Usually I have cattle in pasture by April 15th or so as the cool season grasses do get ahead usually in the spring with the lush growth. Not last year and not this year. I’m hoping in the next 7-10 days I can get them out in pastures. I let the grass get a good 6-10 inches of growth before I turn cattle out as if it is shorter you be short grass all season and it really hurts the pasture for a couple seasons to get too aggressive.
I have one paddock that I beat up pretty good last fall. It needed fertilizer from the cattle so we rolled hay bales out until mid December when it simply got to muddy to get around in and the cattle were making a mess of it. Now I am getting it ready to seed with red clover.
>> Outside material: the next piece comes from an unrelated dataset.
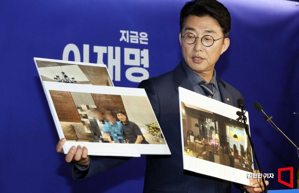 노종면 더불어민주당 의원이 19일 서울 여의도 중앙당사에서 지귀연 서울중앙지법 부장판사의 '룸살롱 접대' 의혹 관련 사진을 공개하고 있다. 민주당 중앙선대위는 이날 "지 판사가 룸살롱 접대 의혹과 관련해 룸살롱 출입 자체를 부인했다"며 "이와 관련해 사진 공개를 결정했다고 밝혔다.
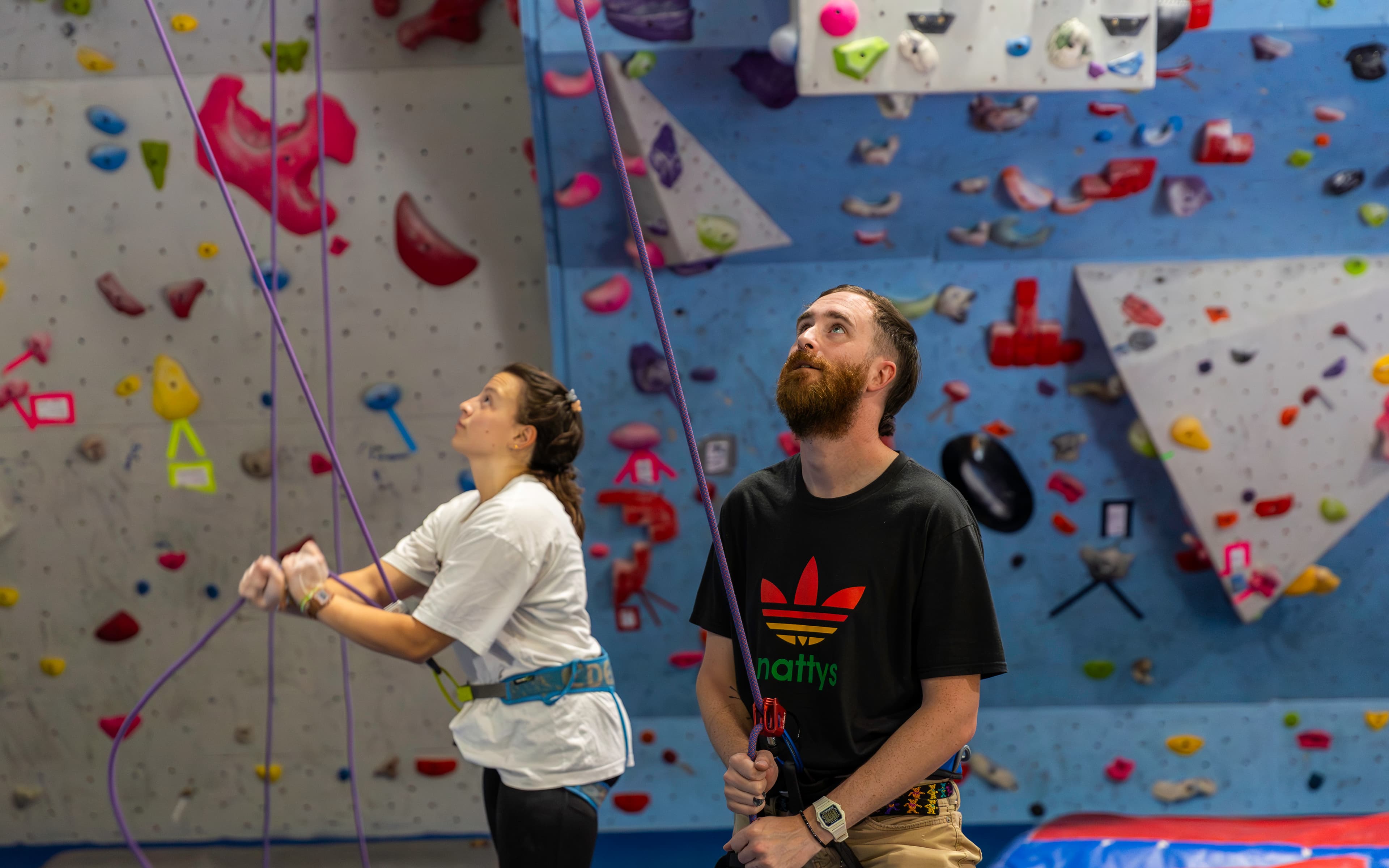 Wear athletic clothing, and if you don’t have climbing shoes, no worries – we’ve got rentals! Don’t forget socks if you’re renting shoes.

That should have already been done but we had a late season blizzard move through that ended up with being without power for about 36 hours so no water no heat, nothin
Blizzard 2025
.As you can see some trees have been topped and others the lower limbs were broken. We had 6+ inches of heavy wet snow, with 30-40 mph winds so once the snow piled on the trees simply could not withstand both. The fortunate thing was deciduous trees did not have leaves so the damage if any was wind only. If they’d had been leaved out it would have been a disaster. We still have several weekends of tree cutting, trimming and piling. With the drought their is a burn ban that is off and on depending upon the moisture. Some of these piles are massive 30x30x10-15 feet high so ember could go a ways. Waiting until planting season is over is probably a good idea so the fields do not have so much of last years growth laying around to start burning.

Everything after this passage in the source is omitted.